The embodiments of the present application further provide a computer program/program product stored in a storage medium, where the computer program/program product is executed by at least one processor to implement each process of the above transform coefficient coding method embodiment, or implement each process of the above transform coefficient decoding method embodiment, and achieve the same technical effects, so that repetition is avoided and no further description is given here.

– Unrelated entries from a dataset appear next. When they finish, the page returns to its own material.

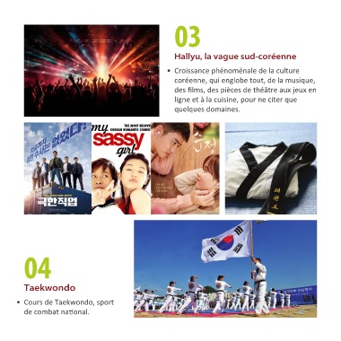 • ƌŽŝƐƐĂŶĐĞ ƉŚĠŶŽŵĠŶĂůĞ ĚĞ ůĂ ĐƵůƚƵƌĞ ĐŽƌĠĞŶŶĞ͕ ƋƵŝ ĞŶŐůŽďĞ ƚŽƵƚ͕ ĚĞ ůĂ ŵƵƐŝƋƵĞ͕ ĚĞƐ ĮůŵƐ͕ ĚĞƐ ƉŝğĐĞƐ ĚĞ ƚŚĠąƚƌĞ ĂƵdž ũĞƵdž ĞŶ ůŝŐŶĞ Ğƚ ă ůĂ ĐƵŝƐŝŶĞ͕ ƉŽƵƌ ŶĞ ĐŝƚĞƌ ƋƵĞ ƋƵĞůƋƵĞƐ ĚŽŵĂŝŶĞƐ͘ • ŽƵƌƐ ĚĞ dĂĞŬǁŽŶĚŽ͕ ƐƉŽƌƚ ĚĞ ĐŽŵďĂƚ ŶĂƟŽŶĂů͘
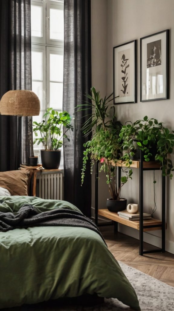 Start with a low-profile black platform bed. Add one piece of green – maybe a single oversized plant or a geometric green art piece. Keep surfaces clear except for essentials. The result? A space that feels intentional and calming, not sparse and cold.
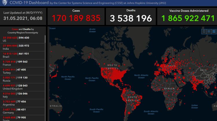 По данным на 31 мая число зараженных на Земле превысило уже 170 миллионов, фото: университет Дж. Хопкинса
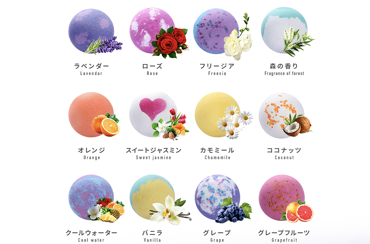 ・人気の高い!個性豊かな12種類のフレイバーのバスボムを厳選
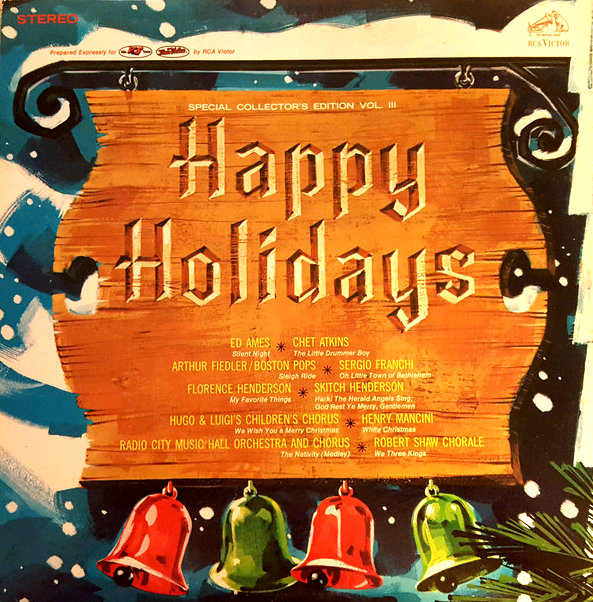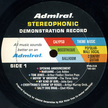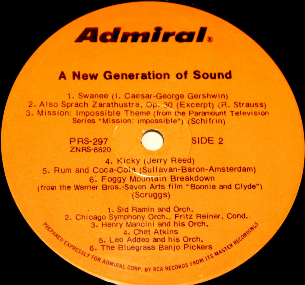 In mid-1963, RCA Special Products started noting the sponsors on the label itself, with a small curved note near the bottom of the label (far left). In the late 1960s, occasionally an orange label was used with the same design as the tan label shown below. |
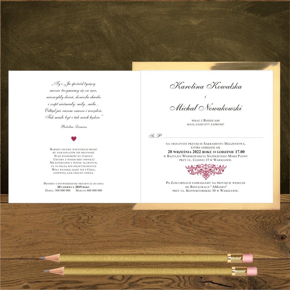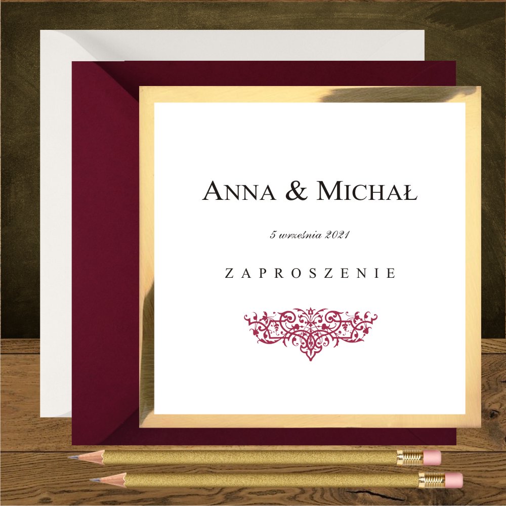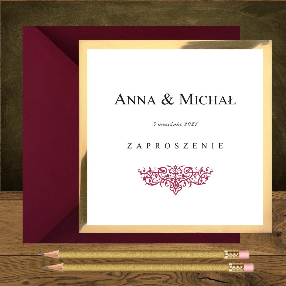 Do zaproszeń z ornamentem w kolorze bordo pasują
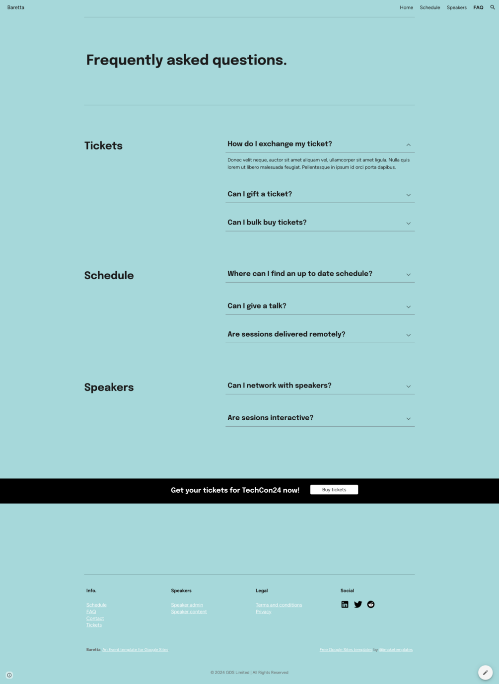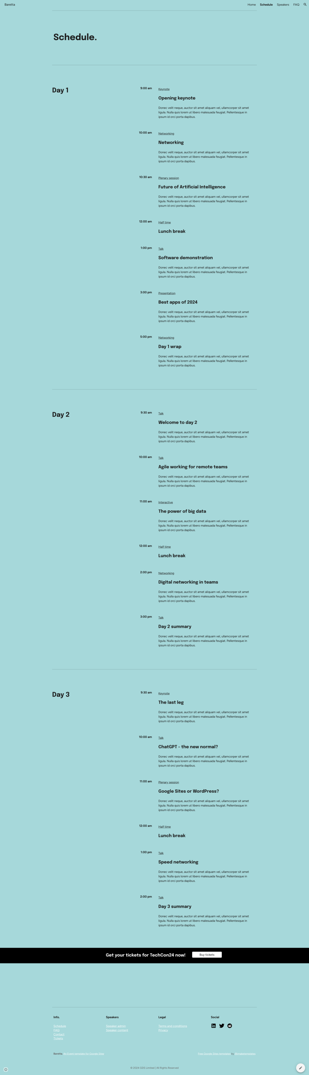🎫 Baretta : Free Google Sites Event / Conference template
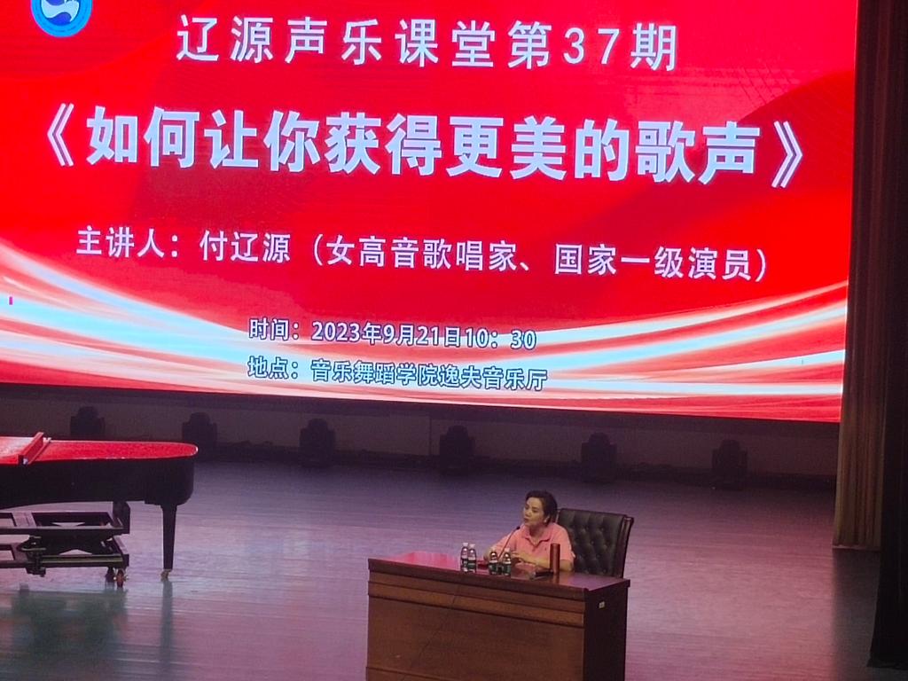 付辽源副主席以自己多年来的声乐实践与丰富的经验介绍了自己是怎样从演唱中获得更美的歌声的。她认为声乐作为视听表演艺术,就是从声、台、形、表在歌唱中的运用及综合协调,从而使学生达到声情并茂歌唱状态,以至获得最美的声音和对作品的最好的诠释。
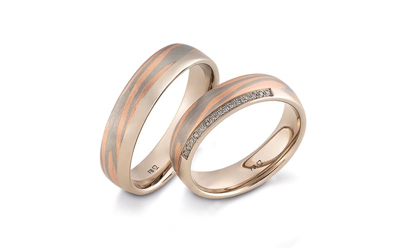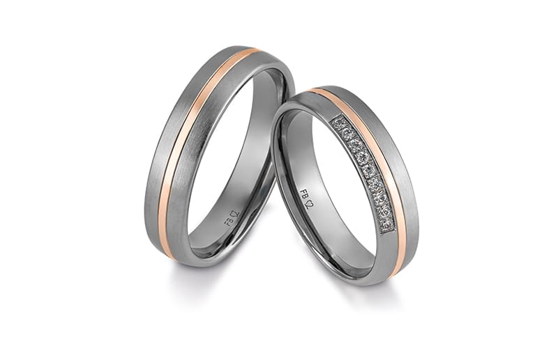 Breuning wird in diesem Jahr drei neue Trauringlinien auf der Inhorgenta präsentieren. So kommen frisch aus den Werkstätten: eine Tantalkollektion in Bicolor mit Gold, Memoires mit seitlichem Steinbesatz sowie eine Auswahl an mehrfarbigen Ringen, unter anderem in Mokume-Gane-Technik. Zwei neue Solitär-Laden ergänzen den Dummyturm mit verspielten Solitärringen und zeitlosen, klassischen Anhängern. Da bleiben ganz sicher keine Wünsche offen.
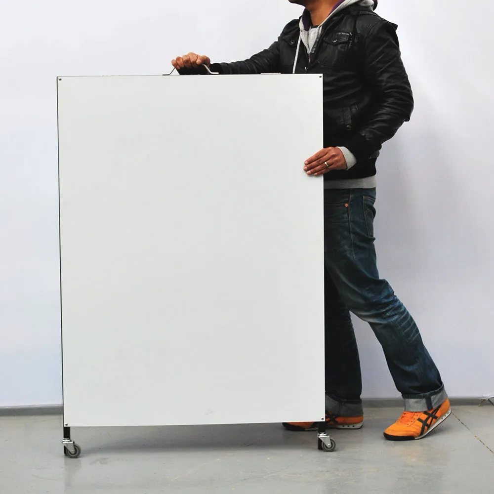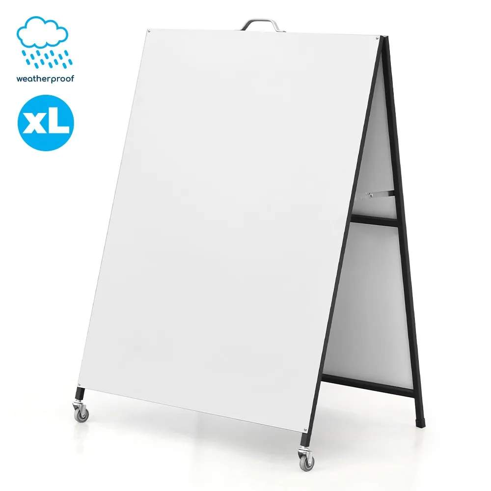 This blank outdoor sign has wheels on two of the legs, allowing the unit to be wheeled into position by any employee. The other two legs have hard-wearing, plastic feet that allow the display to stand stably for a good-looking display.
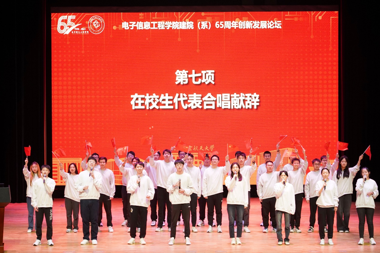 10月28日下午,电子信息工程学院建院(系)65周年创新发展论坛在晨兴音乐厅举行。400余名校友及师生代表参加大会,北航副校长吕卫锋出席会议。大会由学院党委书记徐亚军主持。
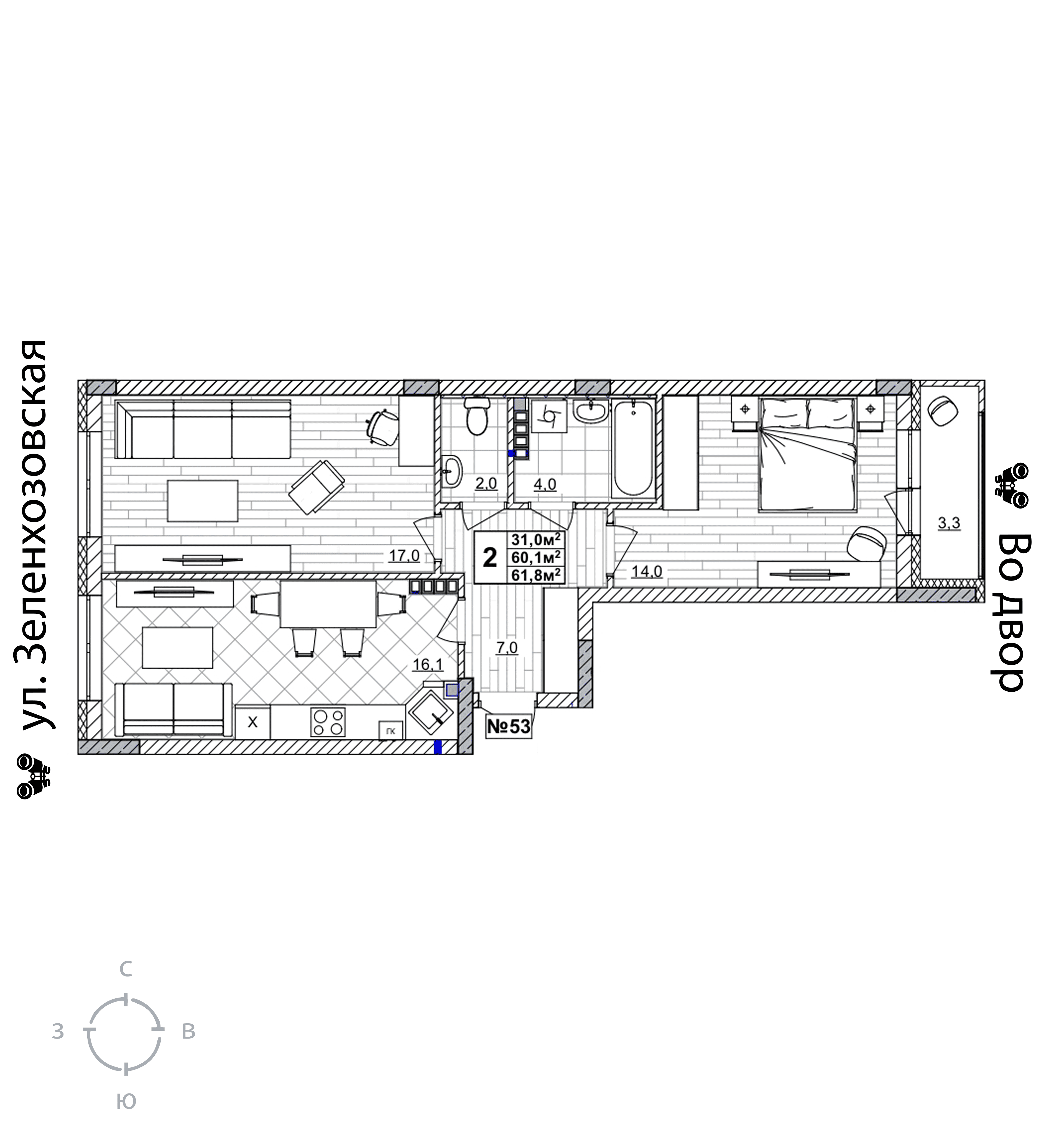 2-комнатная квартира - 61.8м2
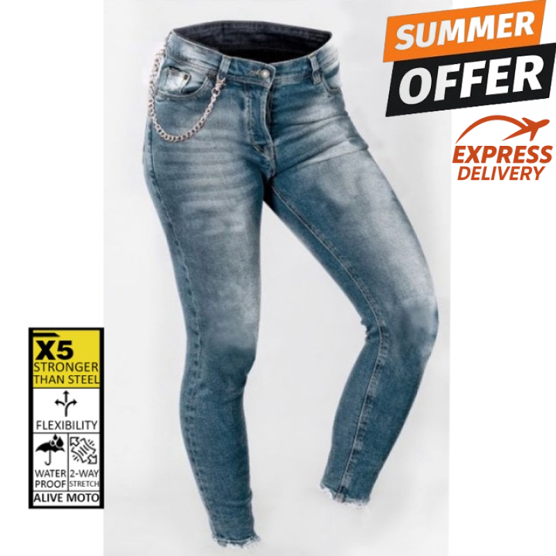Alive Moto lightweight composite stretch denim for outstanding fit and CE-approved Class A performance.
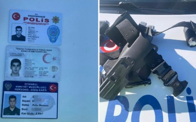 Beşiktaş İlçe Emniyet Müdürlüğüne bağlı Devriye Ekipleri Amirliğine polisler 15 Temmuz Şehitler Köprüsünde uygulama noktasında şüphelendikleri Almanya plakalı aracı durdurdu. Sürücüsü Ü.D. (19), sahte polis kimliğini ve silahını gösterdi.

It should be noted that, in this document, the terms "comprises," "comprising," or any other variation thereof, are intended to cover a non-exclusive inclusion, such that a process, method, article, or apparatus that comprises a list of elements does not include only those elements but may include other elements not expressly listed or inherent to such process, method, article, or apparatus. Without further limitation, an element defined by the phrase "comprising one does not exclude the presence of other like elements in a process, method, article, or apparatus that comprises the element. Furthermore, it should be noted that the scope of the methods and apparatus in the embodiments of the present application is not limited to performing the functions in the order shown or discussed, but may also include performing the functions in a substantially simultaneous manner or in an opposite order depending on the functions involved, e.g., the described methods may be performed in an order different from that described, and various steps may be added, omitted, or combined. Additionally, features described with reference to certain examples may be combined in other examples.
From the above description of the embodiments, it will be clear to those skilled in the art that the above-described embodiment method may be implemented by means of software plus a necessary general hardware platform, but of course may also be implemented by means of hardware, but in many cases the former is a preferred embodiment. Based on such understanding, the technical solution of the present application may be embodied essentially or in a part contributing to the prior art in the form of a computer software product stored in a storage medium (e.g. ROM/RAM, magnetic disk, optical disk) comprising instructions for causing a terminal (which may be a mobile phone, a computer, a server, an air conditioner, or a network device, etc.) to perform the method according to the embodiments of the present application.
The embodiments of the present application have been described above with reference to the accompanying drawings, but the present application is not limited to the above-described embodiments, which are merely illustrative and not restrictive, and many forms may be made by those having ordinary skill in the art without departing from the spirit of the present application and the scope of the claims, which are to be protected by the present application.